Zidane y Guti, pareja de baile
Soberbia actuación del francés y el canterano. Magnífico partido en el Bernabéu. El Sevilla nunca se rindió y estuvo a punto de empatar.

Magnífico el Madrid y estupendo el Sevilla, que mantuvo la emoción hasta el último instante a pesar de enfrentarse a un equipo en estado de gracia. Muy pocas veces el espectáculo se ajusta al precio de las localidades o amortiza el tiempo que invertimos en él y ayer fue uno de esos días en los que nada resulta decepcionante, si acaso el trío arbitral, reiteradamente torpe.
Si el Sevilla cumplió con las expectativas que nos lo presentaban como un equipo dinámico y peligroso, el Madrid fue, durante muchos momentos, verdaderamente admirable. Rápido, entregado, comprometido, virtudes que repetimos porque no son frecuentes y nos sorprenden. Por primera vez en mucho tiempo, el Madrid dio muestras de ser un grupo compacto con un plan común. Y esa versión maravillosamente solidaria no impidió el lucimiento de algunos futbolistas, ya que no convirtió al equipo en una triste factoría, como podía temerse, sino en el caldo de cultivo perfecto para que se expresaran algunos jugadores, especialmente Zidane, que volvió a ser el de sus mejores tiempos, el director de orquesta y el malabarista, el artista sin melena. Cuando resurge su enorme talento, capaz de inspirar a todos sus compañeros, es difícil no sentirse culpable por haberlo dado por muerto y, personalmente, me asalta un remordimiento casi infantil, como de haber blasfemado. Hay otras estrellas en el Madrid, pero la única que será insustituible es Zidane. Lo escribiré mil veces en el pizarrín de mi cerebelo.
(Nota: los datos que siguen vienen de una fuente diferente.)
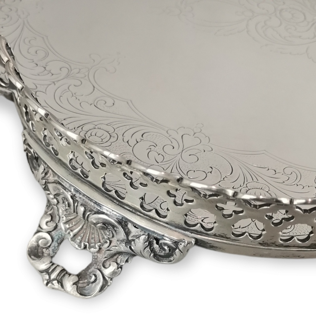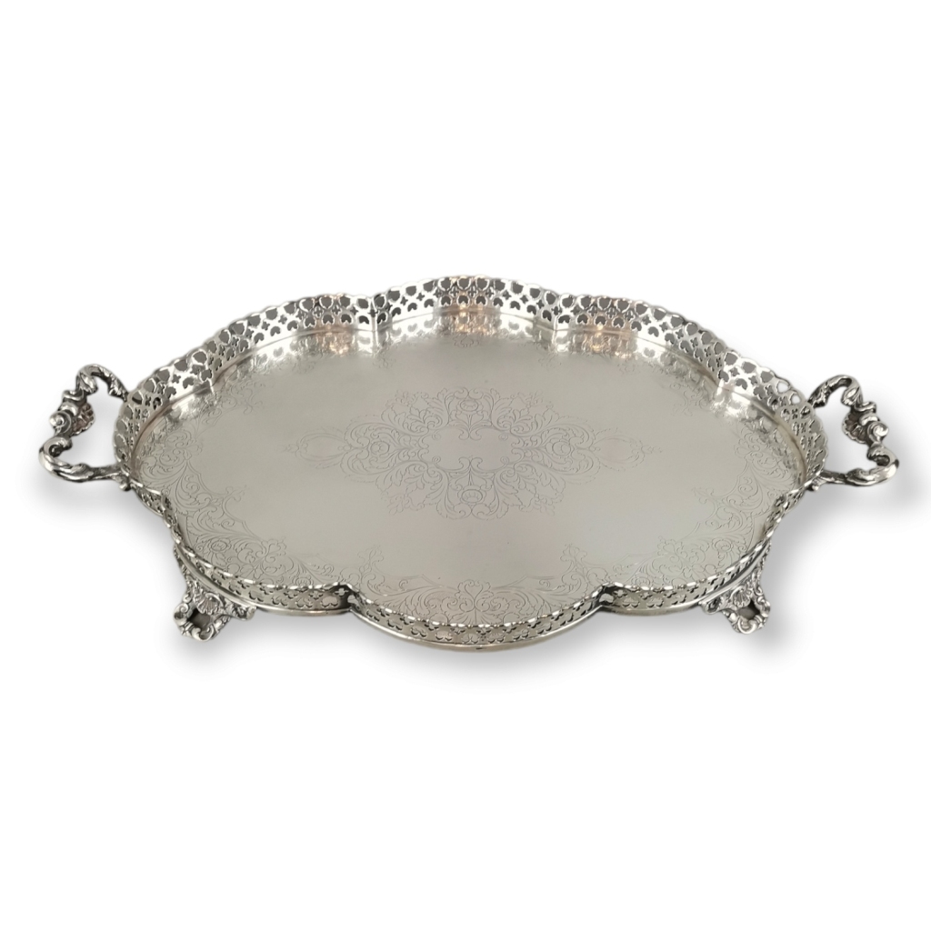 Prata Portuguesa de 833/1000. Marca de contraste do Porto, Águia. Fabricante Topázio.Fundo ricamente cinzelado com motivos vegetalistas. Bordo lobolado com gradinha transfurada. Pegas e pés decorados com concheados e folhagem. Peso: 1925 grs.Dim: 53,5 X 34 cm.

Pero si Zidane rozó lo sublime, Guti no se quedó atrás ni un milímetro; de hecho, podría decirse que ambos formaron pareja de baile, y no como Gema y Poti, por favor, sino como Olivia y John e incluso como Ginger y Fred. Conectaron en el primer gol, combinaron en el tercero y se volvieron a encontrar, ya de forma premeditada, en el cuarto, que remató el partido con un número apoteósico y tras el que podría haberse bajo el telón de terciopelo granate.
El encuentro lo comenzó el Madrid con tanta intensidad que el Sevilla tardó en reaccionar. En realidad necesitó un gol en contra para hacerlo. Intuyo que no le benefició en nada el uniforme azul ilusión con el que saltaron al campo sus jugadores, víctimas de un osado diseñador que no le habrá dado una patada a un bote en su vida y que no sabrá que los uniformes son banderas. El caso es que la presión que desplegaron los locales atascó la circulación sevillista, arrollada por el ímpetu enemigo y el tul de su propia camiseta.
Desde muy pronto se distinguió a Zidane como responsable del ritmo del partido. Aunque es complicado saber si ese Zidane resucitado era el que movía al Madrid o si era el nuevo Madrid el que impulsaba a Zizou. Porque hay que admitir que los movimientos de apoyo al compañero, los desmarques, los cambios de banda y el juego por los flancos invitaban al baile. Es encomiable cómo López Caro ha sido capaz de transformar al grupo, anímica y tácticamente.
Contraataque.
Esos primeros minutos también nos descubrieron algo que dábamos por extinguido en el Madrid actual: el juego al contragolpe. Por algún extraño motivo en el que tendrá mucho que ver el nuevo entrenador, el equipo está convirtiendo esa suerte en una de sus armas más letales, lo que nos lleva de nuevo a Guti. El canterano, especialista en encontrar caminos ocultos, se multiplica cuando toca pensar deprisa. Y lo mejor del caso es que no le faltan soluciones, porque Robinho le susurra bastantes al oído. Sí, Robinho ha vuelto para quedarse y aunque aún no es el crack que se esperaba parece que ha tomado el camino adecuado.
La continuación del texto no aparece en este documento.